Su diseño de producción nos incita a remover esa nostalgia de la tierra mítica de un entorno rural, de ranchos con vacas y puestas de sol desde el porche, alejada de unas consideraciones políticos-religiosas que sí hará más explícito su discurso en el último tercio de metraje. Lo onírico de su paisaje abraza el sentido romántico de su tendencia a la añoranza reflexiva. Incluso los actores, y no me refiero a sus interpretaciones, ya demuestran un carisma tocado por la gracia. Alabama acaba siendo tanto del espectador como de esta pareja que cruza el frenetismo de la gran ciudad con la tradición de un microcosmos terrenal absorto en sí mismo.
Su hermosa dirección de fotografía y la evidente química de sus protagonistas, pergeñada haciendo gala de la improvisación y el impulso más realistas, reafirman el interés de la película por pertenecer a un rastro referencial decididamente naíf, más artístico que narrativo.
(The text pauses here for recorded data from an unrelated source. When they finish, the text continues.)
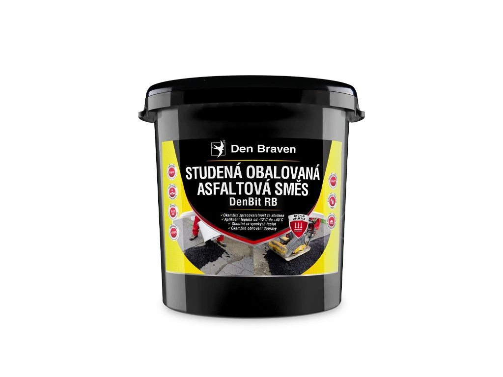 DenBit RB – studená obalovaná asfaltová směs 25 kg je praktický materiál určený pro rychlé opravy zpevněných ploch. Díky své připravenosti k okamžitému použití umožňuje snadnou aplikaci bez nutnosti zahřívání.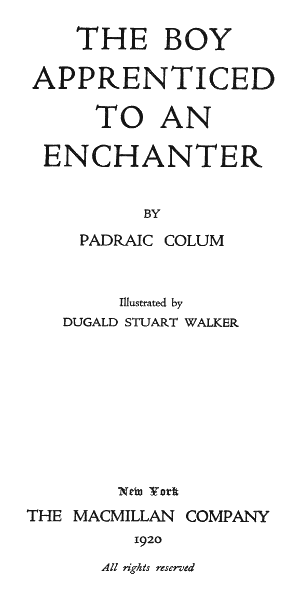 The Project Gutenberg eBook, The Boy Apprenticed to an Enchanter, by Padraic Colum, Illustrated by Dugald Stuart Walker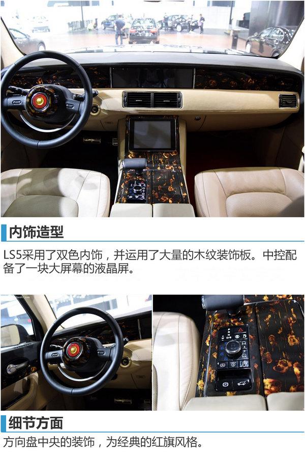LS5采用了雙色內飾,并運用了大量的木紋裝飾板。新車的雙幅式方向盤和中控看起來簡潔,明了。大面積的直線設計使得該車顯得異常大氣、穩重。方向盤中央的裝飾,也是經典的紅旗風格。新車采用了4.0升雙渦輪增壓發動機,匹配8速手自一體變速箱。0-100km/h的加速時間為8.2秒,最高時速220km/h。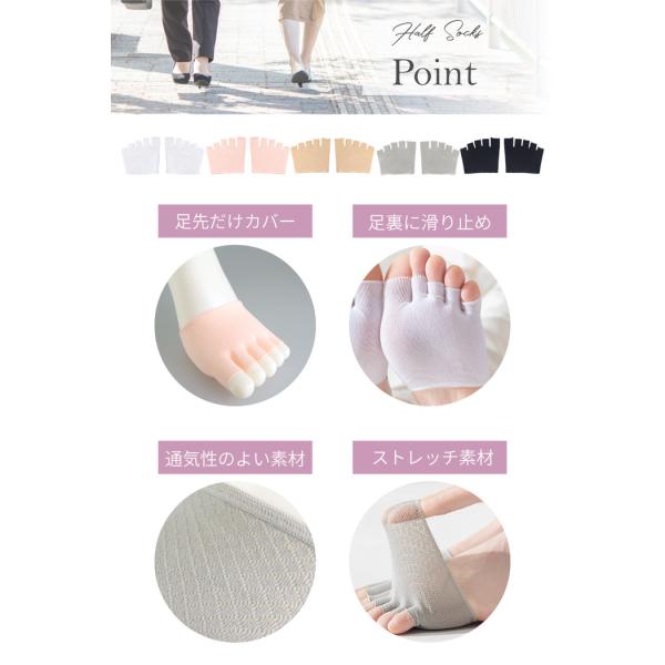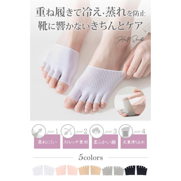 5本指 ハーフソックス つま先なし レディース フットカバー 五本指 ソックス 5本指タイツ インナー 夏 滑り止め すべり止め サンダル パンプス つま先カバー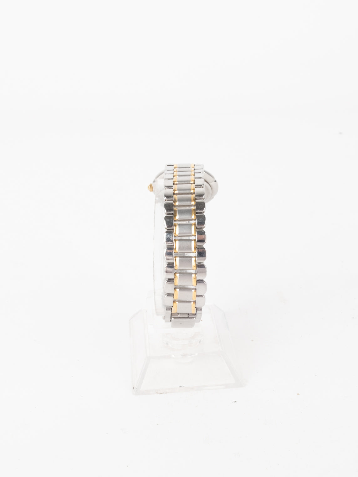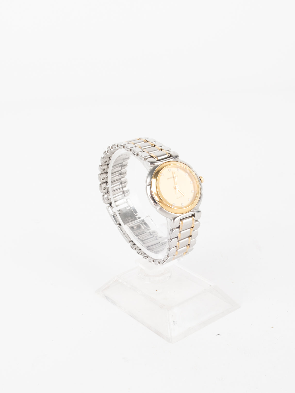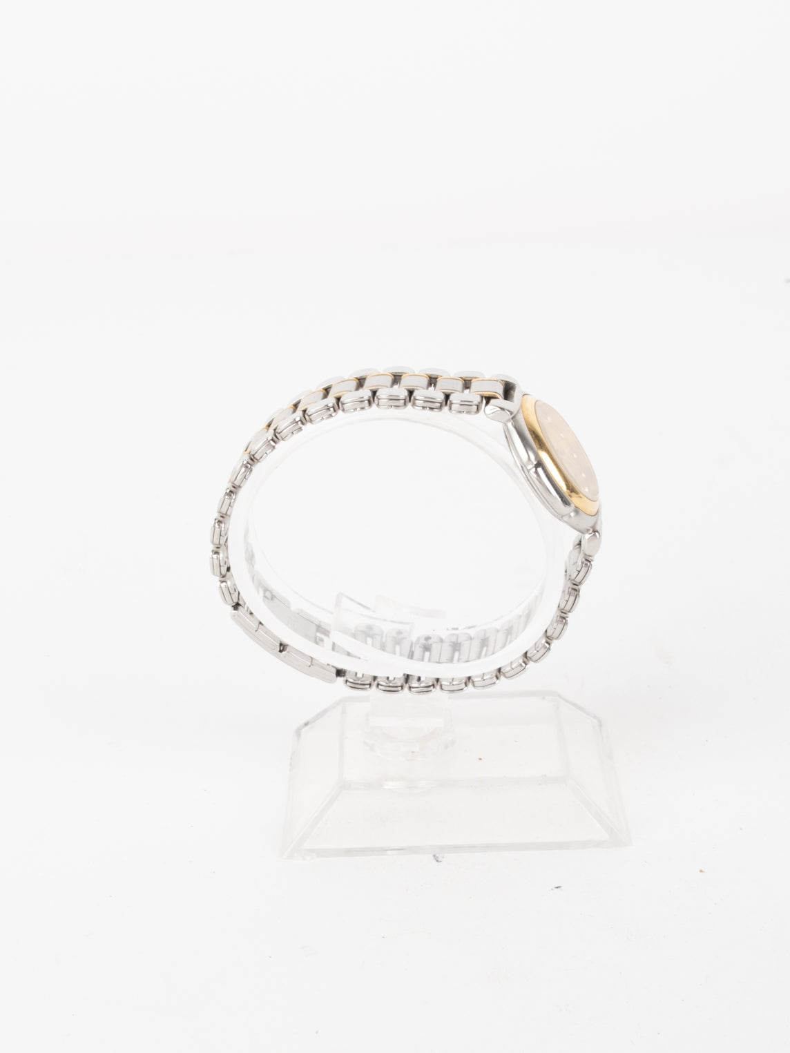 שעון עדין ומהמם בצבע כסוף בשילוב עם זהב בעל פני שעון בצורה עגולה עם רקע מוזהב ומחוגים. שעון זה נסגר באמצעות סוגר ממותגץ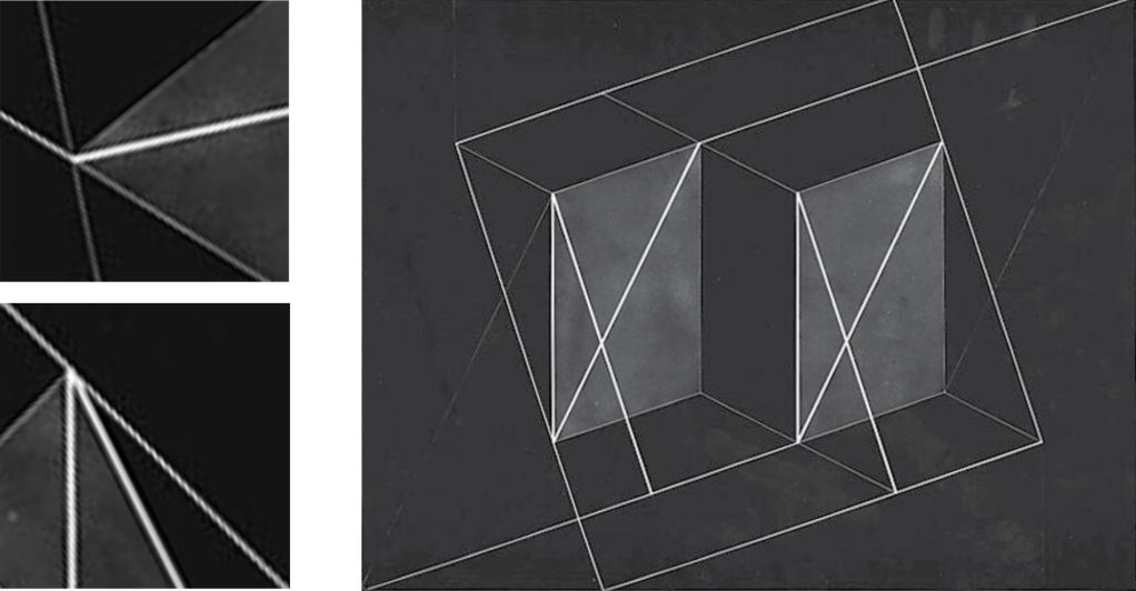 Left: 2 Square crops Right: Transformation of a Scheme No. 9, Josef Albers, 1950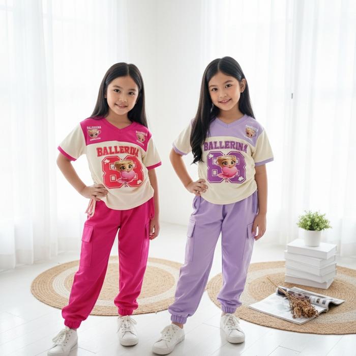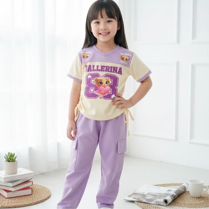 Setelan Anak Jersey Ballerina Cappucina Bahan Baby Terry - Oneset Rinjani Fashion - Lilac, M 2 Tahun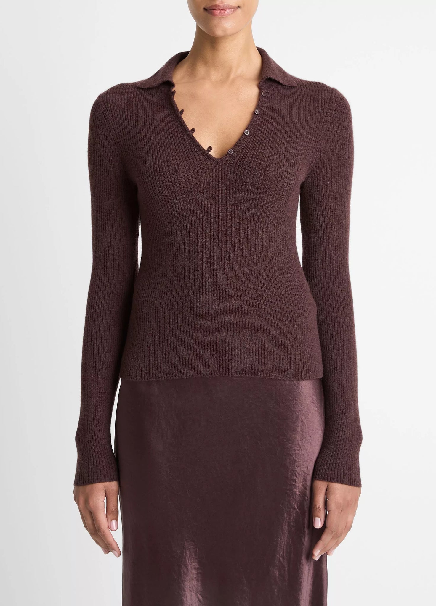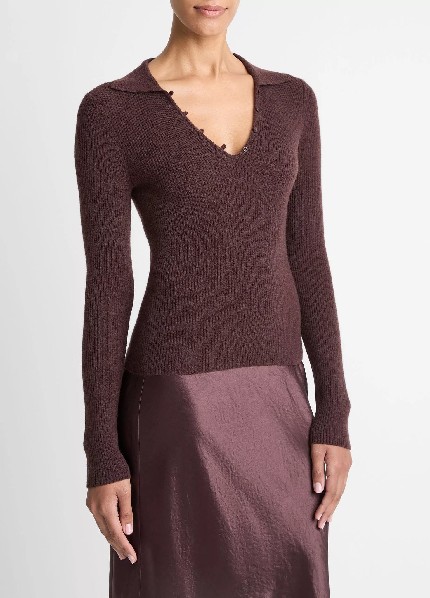 Our refined update to the timeless polo sweater swaps out the traditional placket for delicate button-and-loop fastenings. We knit it from a splendid, ribbed blend of cashmere and silk for a lightweight, airy feel throughout the season's shifting temperatures.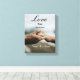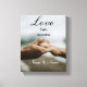 Célébrez votre histoire d'amour unique avec ce design élégant de style personnalisé. Avec une belle photo d'une bague de fiançailles et de mains entrelacées, cette pièce est conçue pour ressembler à une plaque commémorative personnalisée. Parfait comme cadeau de mariage, cadeau de fiançailles ou surprise d'anniversaire sentimentale pour votre conjoint. Il capture l'éternel "Amour" et le moment précis où votre voyage a commencé.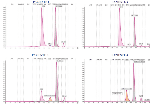 Paziente non trasfuso. Presenza di Hb S confermata con test di sickling dal 1°livello. Hb A2: avendo definito la presenza di una variante beta, l’evidente sdoppiamento dell’Hb A2 deve essere attribuito ad una mutazione dei geni δ. L’Hb S risulta in percentuale più bassa rispetto ai valori medi riscontrati per le varianti β, ciò può essere attribuito all’anemia sideropenica. L’anemia incide anche sulle quantità relative dell’Hb A2 e dell’Hb A2-X. La caratterizzazione molecolare dei difetti riscontrati conferma i dati del 1°livello ed evidenzia la presenza della variante δ più conosciuta e diffusa in Africa.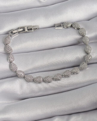 Pirinç Gümüş Renk Zirkon Taşlı Damla Model VIP Seri Kadın Bileklik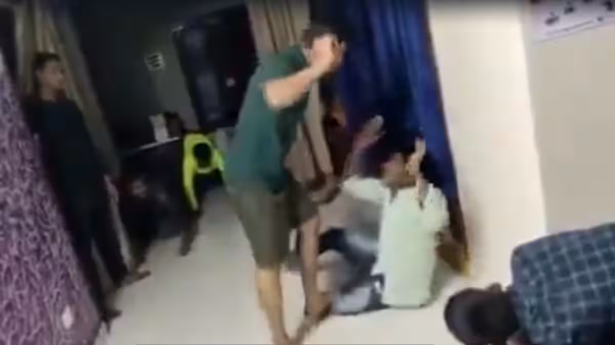 The video captures Ramana whipping a student with a belt as the boy cries and tries to shield himself. In the background, two more students are seen kneeling on the floor, visibly terrified. A man in a black T-shirt watches the abuse silently, further intensifying the scene’s grimness. According to reports, the video dates back to December last year, but it has only recently come to light, raising serious concerns about the safety and environment in private coaching institutions.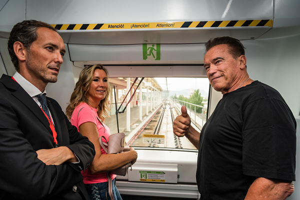 L'actor i exgovernador de Califòrnia, Arnold Schwarzenegger, ha conegut com a passatger VIP la L10 Sud aquest dissabte i no ha dubtat a recomanar a través dels mitjans de comunicació que totes les ciutats adoptin sistemes edficients i sostenibles de transport col·lectiu. Va destacar especialment que la xarxa de metro de Barcelona es mogui íntegrament amb energia de fonts renovables. La seva presència s'emmarcava dins de l'esdeveniment multiesportiu que porta el seu nom, l'Arnold Classic Europe, que es va celebrar el passat cap de setmana a Fira Barcelona Gran Via.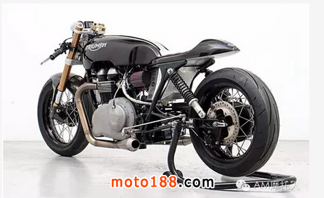 這輛2008款Triumph Thruxton經(jīng)過重度改裝,其引擎幾乎全部重制,不僅缸體被擴(kuò)容至1000cc,此外活塞、連桿、套筒、缸頭等等全部更換或者加強(qiáng)。原本只有39匹馬力的雙缸引擎硬是被壓榨出110匹馬力,動(dòng)力提升達(dá)到了近300%,讓人嘆為觀止。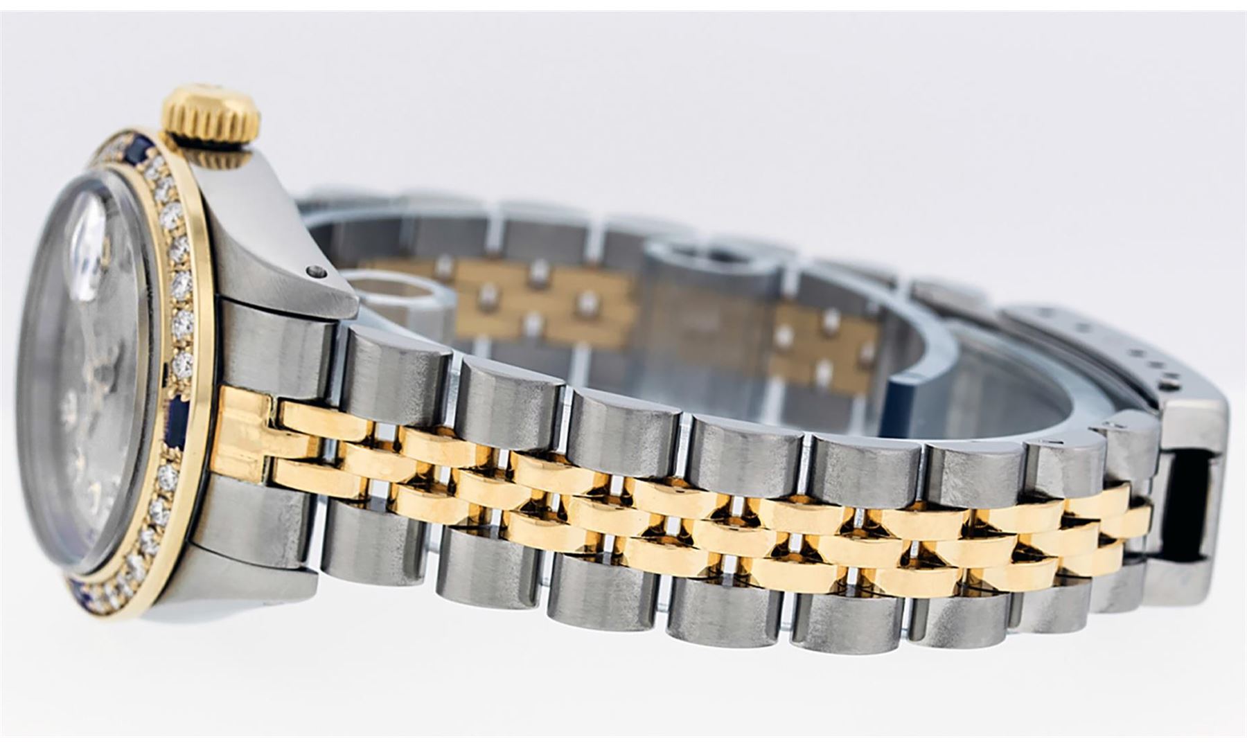 One Ladies Two Tone Rolex Datejust Polished, Serviced & Electronically Tested, Yellow Gold & Stainless Steel Case: 26mm, Yellow Gold Crown, Bezel: Yellow Gold Sapphire Beadset Diamond Bezel, Diamond Count: 28Diamonds + 4 Sapphires. Custom Crystal: New Acrylic Cyclops Lens. Custom Hands: New Luminescent Hands. Movement: Automatic Winding Movement. Custom Dial: Slate Grey With Diamond Hour Markers, Diamond Count: 10 Diamonds, Color: G to H, Clarity: VS2-SI1. Date Window: 3 O'clock Position Date Display, Model: Datejust. Condition: G-6 Extra Fine. Bracelet: Two Tone Yellow Gold & Stainless Steel Jubilee Band. Bright Polish. 6.0 Inch Length, Adjustable. Standard Clasp, With Rolex Logo. This Watch Has Been Serviced Time Tested And Is In Excellent Condition It Is Free Of All Scratches And Dents.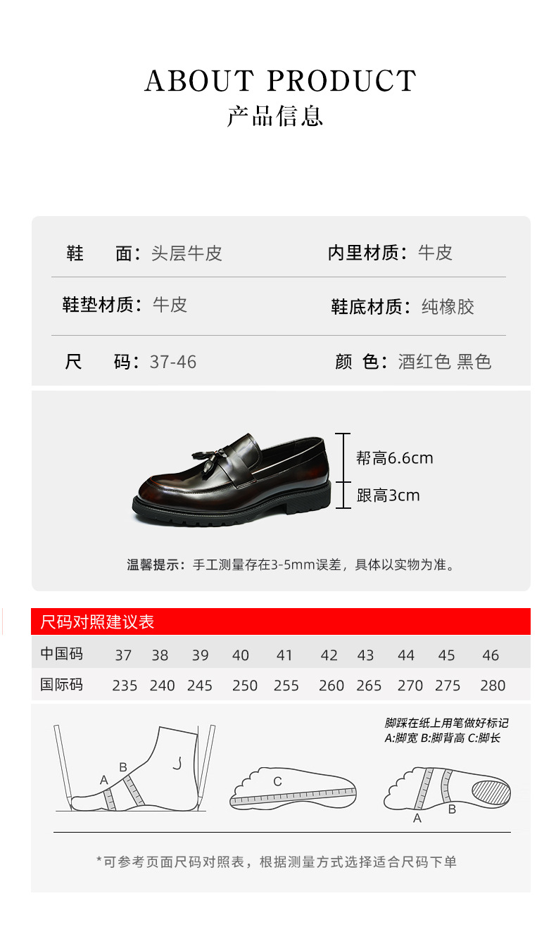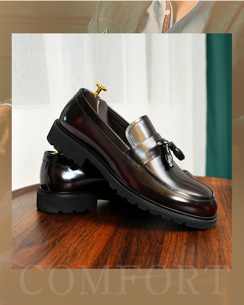 Giày tây nam thiết kế kiểu dáng đi làm thanh lịch, phù hợp nhiều dịp. Sản phẩm làm từ chất liệu da thật bền đẹp, bề mặt có độ bóng nhẹ. Điểm nhấn là phần tua rũ mềm mại ở mặt trên, tăng thêm nét phóng khoáng. Đế giày được làm dày dặn, giúp nâng đỡ tốt và đi lại thoải mái cả ngày. Bạn chỉ cần xỏ chân vào là có thể sử dụng ngay, rất thuận tiện. | Tên sản phẩm: Giày Da Nam Chất Liệu Da Bò Đế Cao - Giày Dép Nam | Mã sản phẩm: A0058 - Giá: 2.310.000đ | Mã nhà sản xuất: SHRYIC-G05Hình ảnh sản phẩm

Esto, pese a crear contradicciones, no emborrona y suaviza sus pretensiones de engrasar su solemne estado de alteración sensitiva, que bien podría caer en el histerismo compulsivo de no ser por el armonioso nexo de unión musical y por un montaje arrítmico que avanza a golpes de ‹flashback› y ‹flashforward›, quebrando la linealidad, fragmentando por bloques el relato y enrareciendo el espacio para mantener y negociar la atención usual del espectador.
A todas luces, Alabama Monroe es una película que va más sobre sentir que sobre analizar, más sobre vivir que sobre filosofar. O quizá no. Como en una canción country, bajo su tono jovial y desenfadado, se esconde el relato de una existencia que, como cualquier otra, se compone de partículas de universos que batallan incesantemente por la encrucijada de dar sentido a nuestros actos y definir aquellos que se nos escapan de nuestra ínfima comprensión.